WHAT YOU WILL DO:
Pictures aside, repeat the whole listing word for word.

GIVEN DATA:
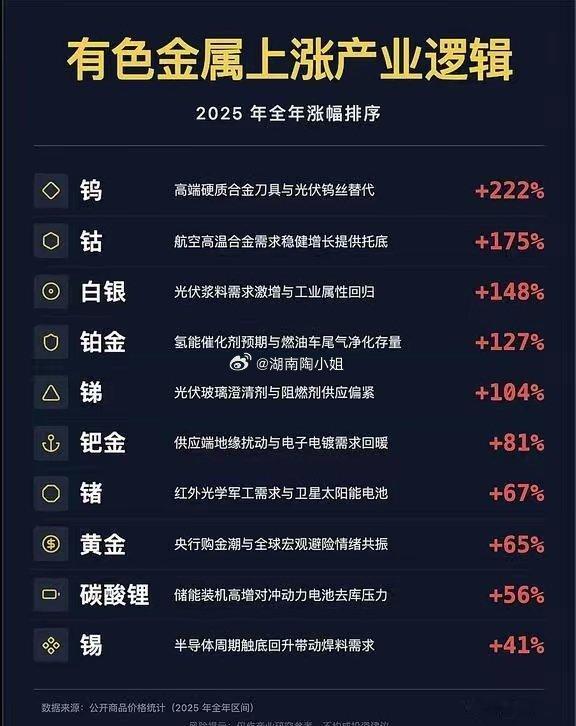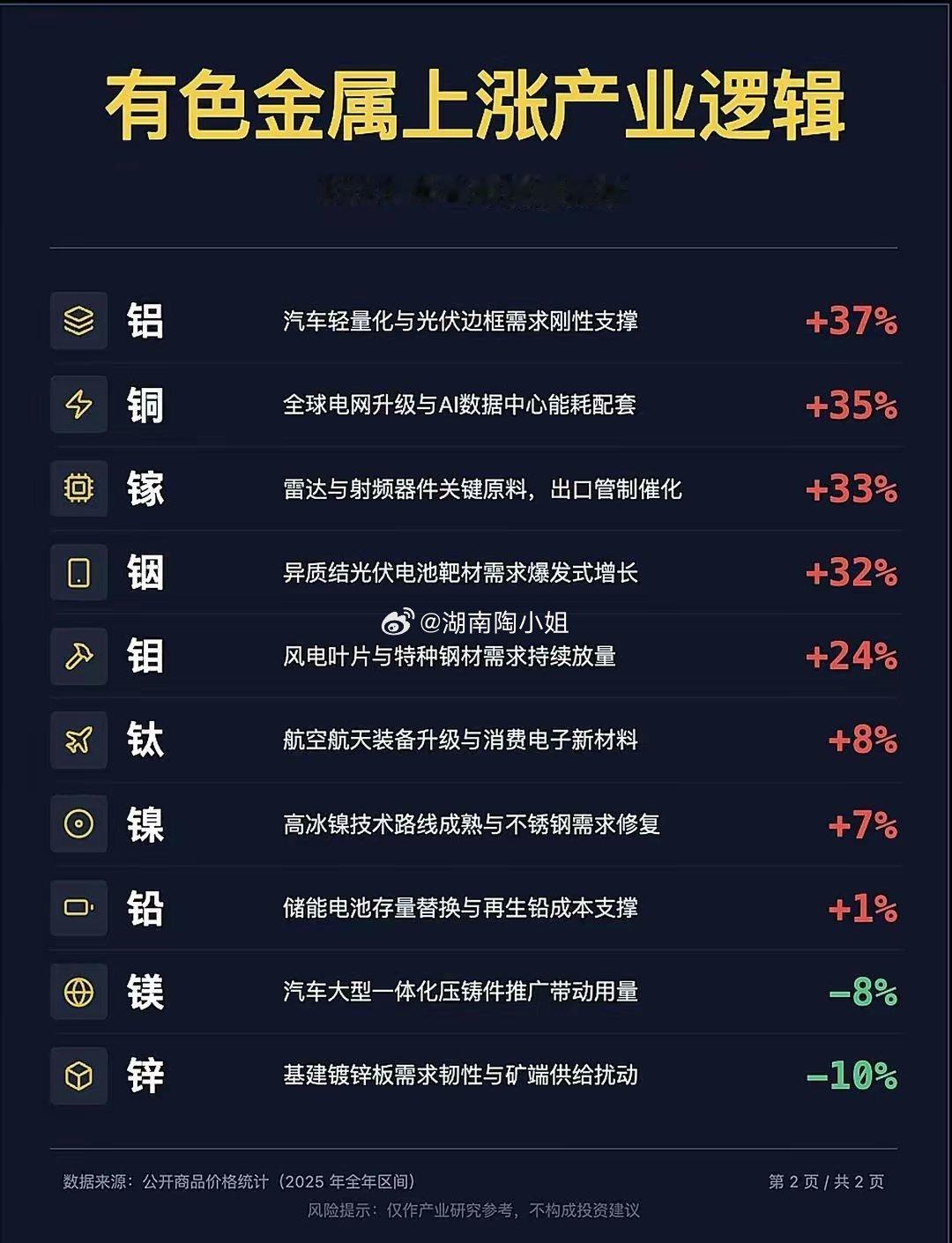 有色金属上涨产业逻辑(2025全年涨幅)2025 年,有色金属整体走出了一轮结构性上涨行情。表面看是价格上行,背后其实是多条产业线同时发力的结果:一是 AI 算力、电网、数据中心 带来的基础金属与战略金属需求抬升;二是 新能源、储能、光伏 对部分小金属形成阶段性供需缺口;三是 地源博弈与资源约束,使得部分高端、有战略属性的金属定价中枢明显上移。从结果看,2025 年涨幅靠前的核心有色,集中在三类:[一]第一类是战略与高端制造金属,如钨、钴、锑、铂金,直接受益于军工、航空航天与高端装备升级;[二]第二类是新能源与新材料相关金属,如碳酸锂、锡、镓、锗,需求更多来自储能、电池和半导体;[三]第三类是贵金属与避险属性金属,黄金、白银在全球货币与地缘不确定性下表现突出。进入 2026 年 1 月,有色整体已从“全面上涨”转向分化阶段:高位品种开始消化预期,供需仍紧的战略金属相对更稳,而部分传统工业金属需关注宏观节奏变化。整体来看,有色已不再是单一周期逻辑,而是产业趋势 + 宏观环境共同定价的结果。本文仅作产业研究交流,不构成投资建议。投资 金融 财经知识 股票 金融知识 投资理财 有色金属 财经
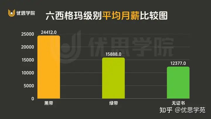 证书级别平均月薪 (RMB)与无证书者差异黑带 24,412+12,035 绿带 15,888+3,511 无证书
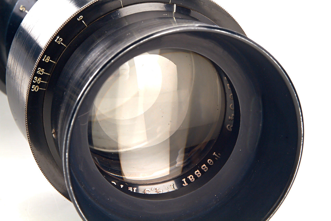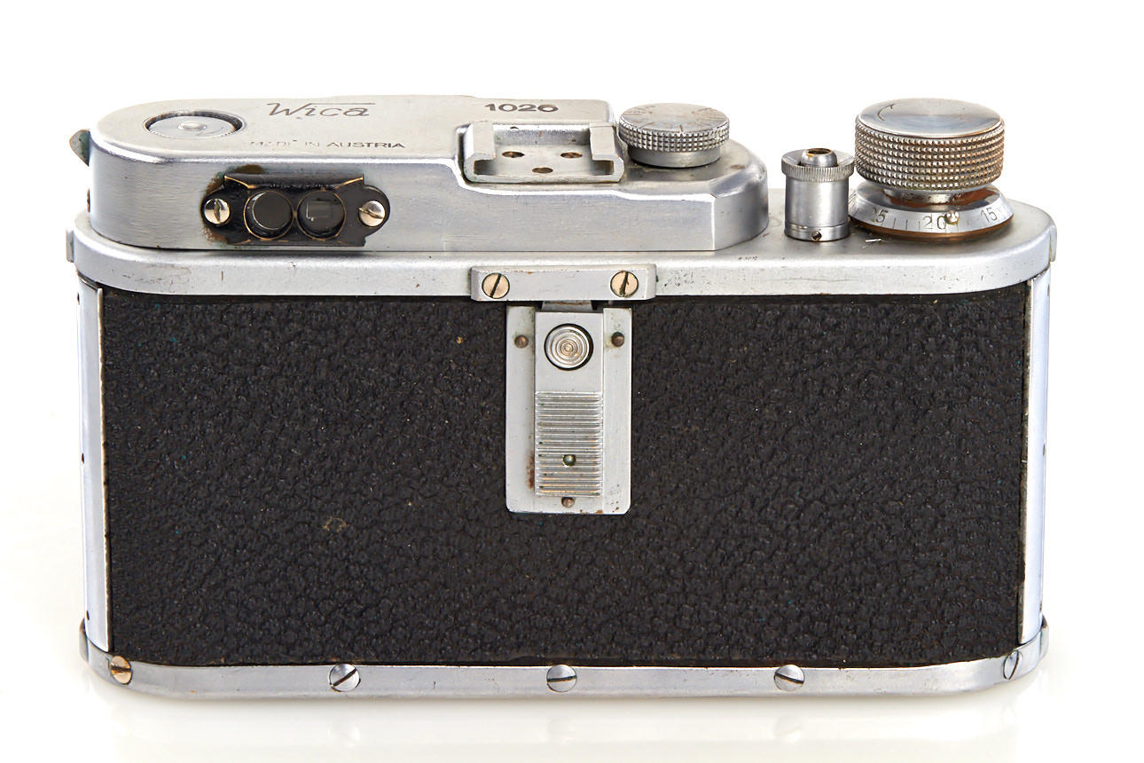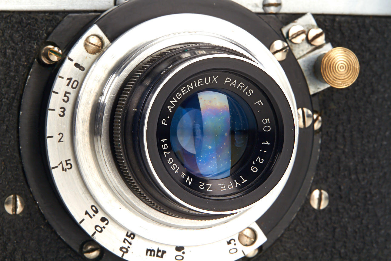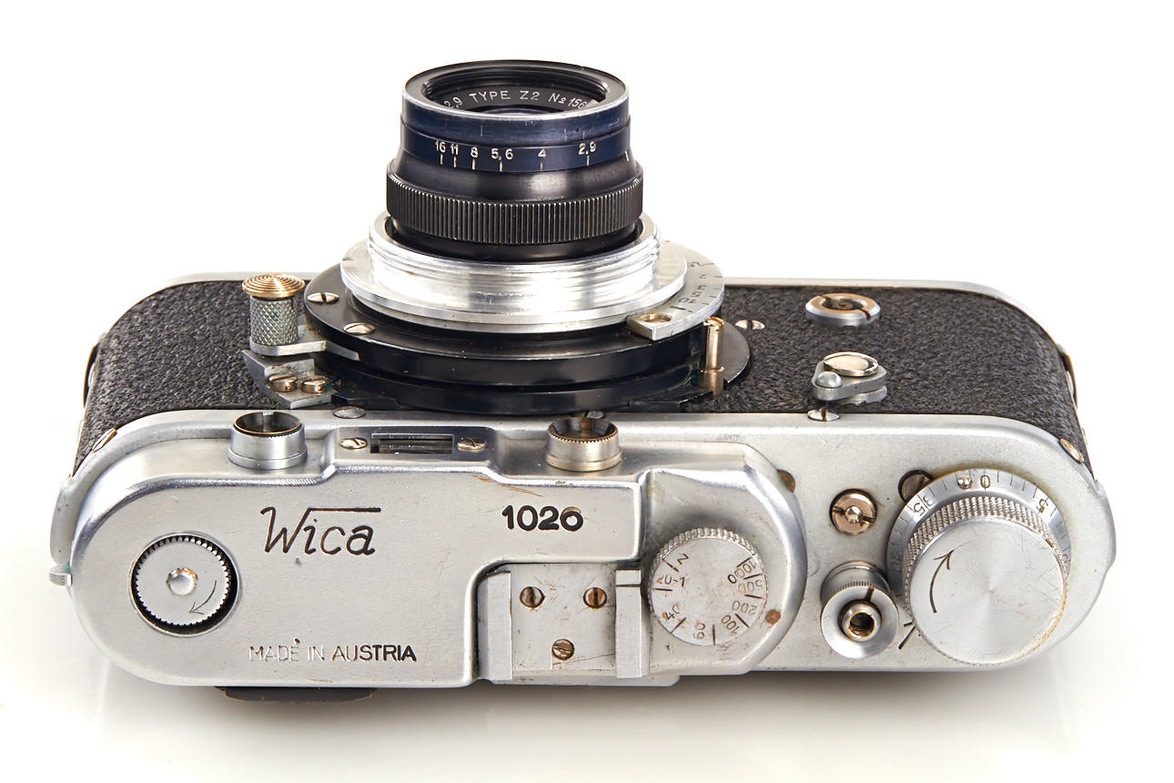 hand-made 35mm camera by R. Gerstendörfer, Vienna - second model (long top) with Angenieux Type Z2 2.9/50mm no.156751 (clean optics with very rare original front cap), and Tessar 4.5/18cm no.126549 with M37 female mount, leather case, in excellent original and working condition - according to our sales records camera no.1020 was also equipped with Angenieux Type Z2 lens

EXERCISE RESULT:
 有色金属上涨产业逻辑(2025全年涨幅)2025 年,有色金属整体走出了一轮结构性上涨行情。表面看是价格上行,背后其实是多条产业线同时发力的结果:一是 AI 算力、电网、数据中心 带来的基础金属与战略金属需求抬升;二是 新能源、储能、光伏 对部分小金属形成阶段性供需缺口;三是 地源博弈与资源约束,使得部分高端、有战略属性的金属定价中枢明显上移。从结果看,2025 年涨幅靠前的核心有色,集中在三类:[一]第一类是战略与高端制造金属,如钨、钴、锑、铂金,直接受益于军工、航空航天与高端装备升级;[二]第二类是新能源与新材料相关金属,如碳酸锂、锡、镓、锗,需求更多来自储能、电池和半导体;[三]第三类是贵金属与避险属性金属,黄金、白银在全球货币与地缘不确定性下表现突出。进入 2026 年 1 月,有色整体已从“全面上涨”转向分化阶段:高位品种开始消化预期,供需仍紧的战略金属相对更稳,而部分传统工业金属需关注宏观节奏变化。整体来看,有色已不再是单一周期逻辑,而是产业趋势 + 宏观环境共同定价的结果。本文仅作产业研究交流,不构成投资建议。投资 金融 财经知识 股票 金融知识 投资理财 有色金属 财经
 证书级别平均月薪 (RMB)与无证书者差异黑带 24,412+12,035 绿带 15,888+3,511 无证书
 hand-made 35mm camera by R. Gerstendörfer, Vienna - second model (long top) with Angenieux Type Z2 2.9/50mm no.156751 (clean optics with very rare original front cap), and Tessar 4.5/18cm no.126549 with M37 female mount, leather case, in excellent original and working condition - according to our sales records camera no.1020 was also equipped with Angenieux Type Z2 lens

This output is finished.